**ABOUT THIS EXERCISE**. Print, word for word, only the lines from the one with "The M365 Maturity" down to the last line of the listing below; no pictures.
─── DATA ───
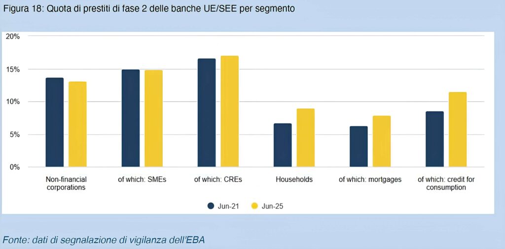 Il dato che impensierisce di più nel report del regolatore europeo riguarda comunque i crediti in cosiddetta “fase due” (stage 2). Sono quei prestiti che, pur essendo ancora performing, hanno subito un incremento significativo del rischio di credito rispetto alla concessione iniziale, segnalando un peggioramento delle condizioni finanziarie del debitore, ciò che richiede maggiore attenzione e accantonamenti da parte della banca. Ebbene, i crediti in stage 2 hanno raggiunto un ammontare di 1.600 miliardi di euro, 100 miliardi in più rispetto a un anno fa. È un segmento che vale circa il 9,7% dell’intero ammontare dei crediti bancari e cresce soprattutto nei comparti del credito al consumo e nei mutui ipotecari.
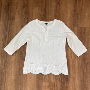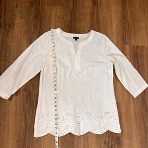 EUC Talbots Eyelet White Cotton Tunic Top Sz M
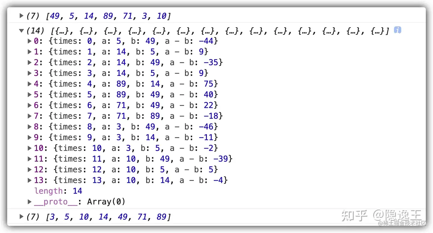 res.push({times, a, b, "a - b": a - b});
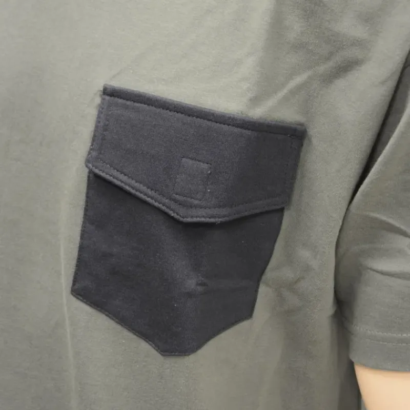 - Renforcé aux épaules, ce t-shirt de travail bicolore gris et marine dispose d’une poche de poitrine à scratch.
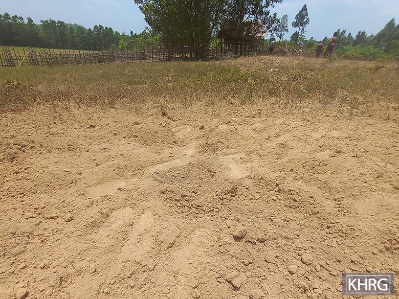 Then, four bombs [from the SAC] were dropped onto a farm [located close to C--- Monastery] owned by a 60-year-old villager, named Saw L---, from G--- village, in Meh Th’Na village tract. Among those four [bombs], one [bomb] landed inside the buffalo’s fence [but no buffalo were injured]. Saw L--- had planted sugar cane, rambutan plants, and paddy in his farm. Saw L--- explained [to KHRG]: “I just would like to say: how [are we going] to do [deal] with those shrapnel [from the bombs dropped]? Should we hide it in a safe place? It might cut our legs and hands. We cannot collect them [shrapnel] all.” As the bombs landed and exploded on Saw L---’s farm, he was worried that his hands and legs would be injured by shrapnel while doing cultivation on his farm. His farm is located in M--- foothill, the same as C--- Monastery, in Meh Th’Na village tract.
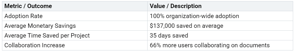 The M365 Maturity Model gives organizations a clear roadmap to align technology, people, and processes for greater organizational potential. Business and IT leaders see measurable results, such as 100% adoption of collaboration tools, certified professionals, and early business value. Many organizations report strong outcomes:
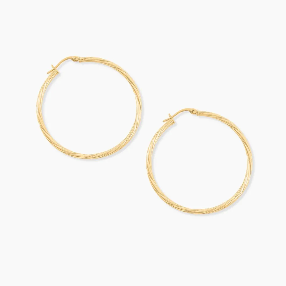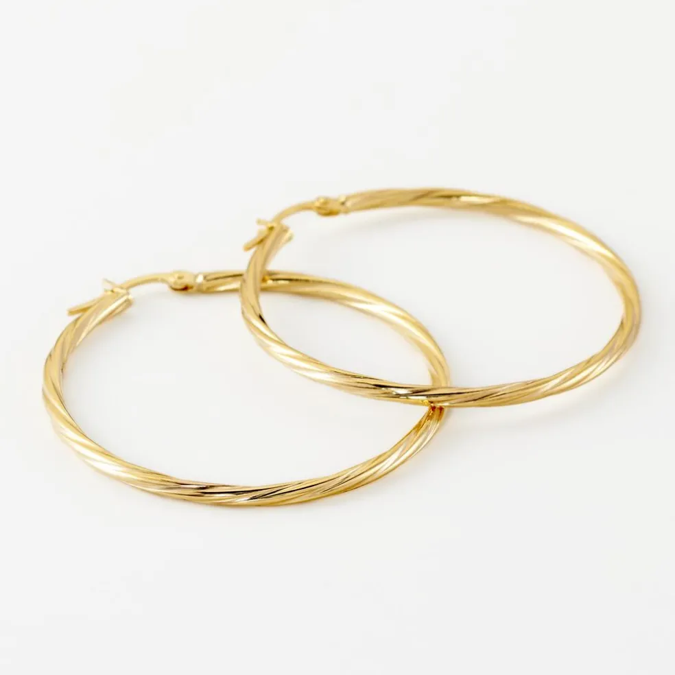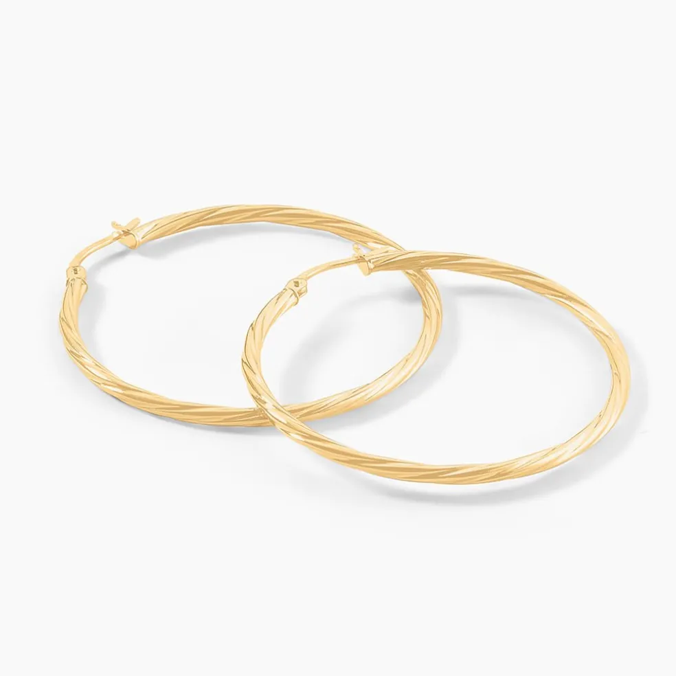 Créoles Or Jaune 375/1000 Fil Rond Torsadé Largeur 2mm Diamètre 35mm
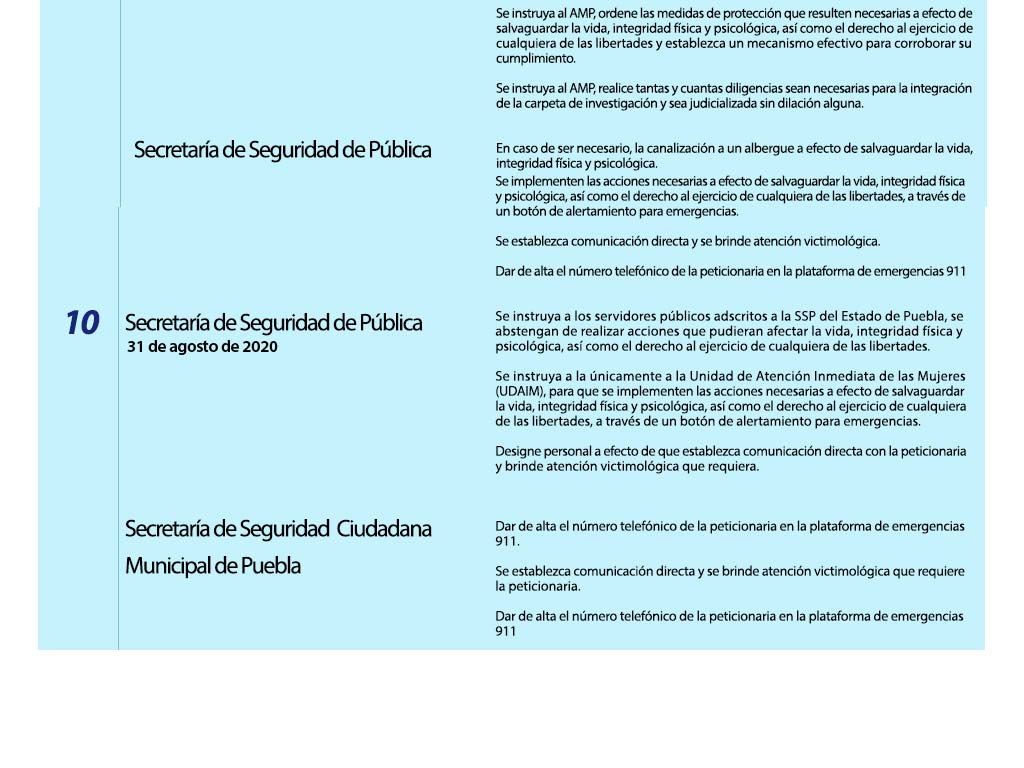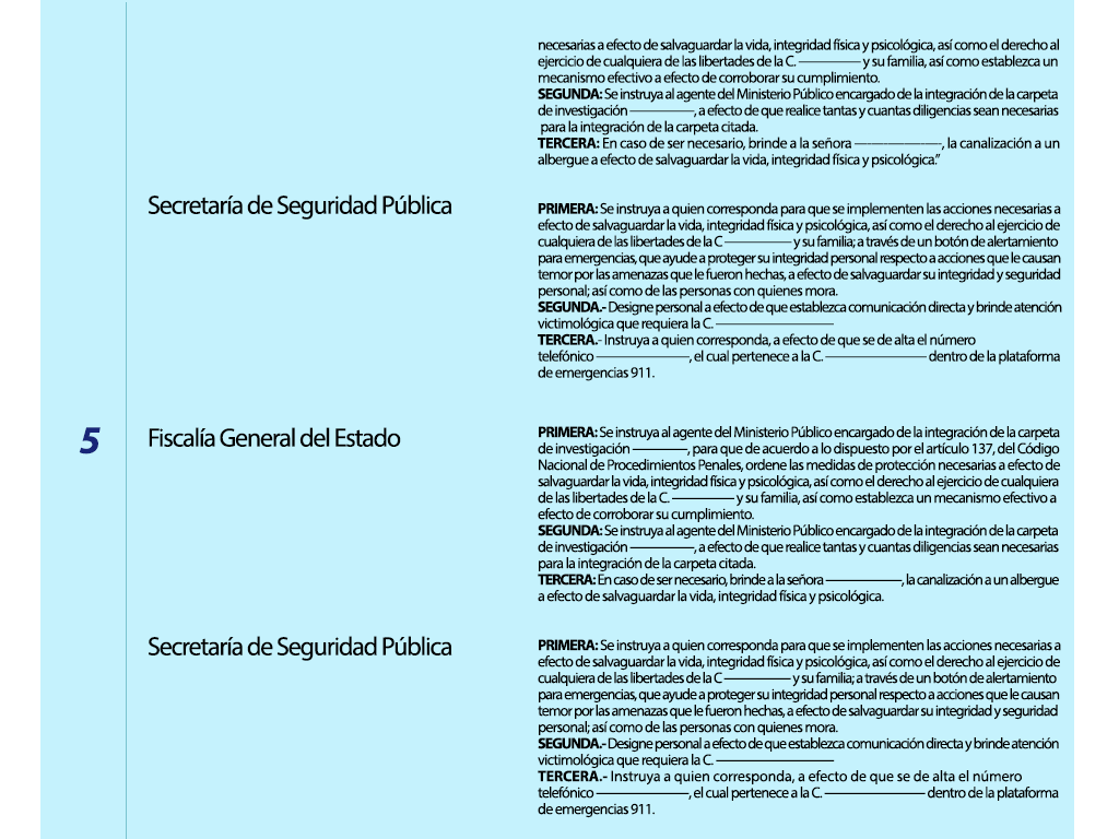 | 8 | 4083-2020 | Derecho a la seguridad jurídica | Físcalia General del Estado | Concluido | Mujer víctima de violencia de género | Personal | Si |
───
**EXERCISE SOLUTION**.
 The M365 Maturity Model gives organizations a clear roadmap to align technology, people, and processes for greater organizational potential. Business and IT leaders see measurable results, such as 100% adoption of collaboration tools, certified professionals, and early business value. Many organizations report strong outcomes:
 Créoles Or Jaune 375/1000 Fil Rond Torsadé Largeur 2mm Diamètre 35mm
 | 8 | 4083-2020 | Derecho a la seguridad jurídica | Físcalia General del Estado | Concluido | Mujer víctima de violencia de género | Personal | Si |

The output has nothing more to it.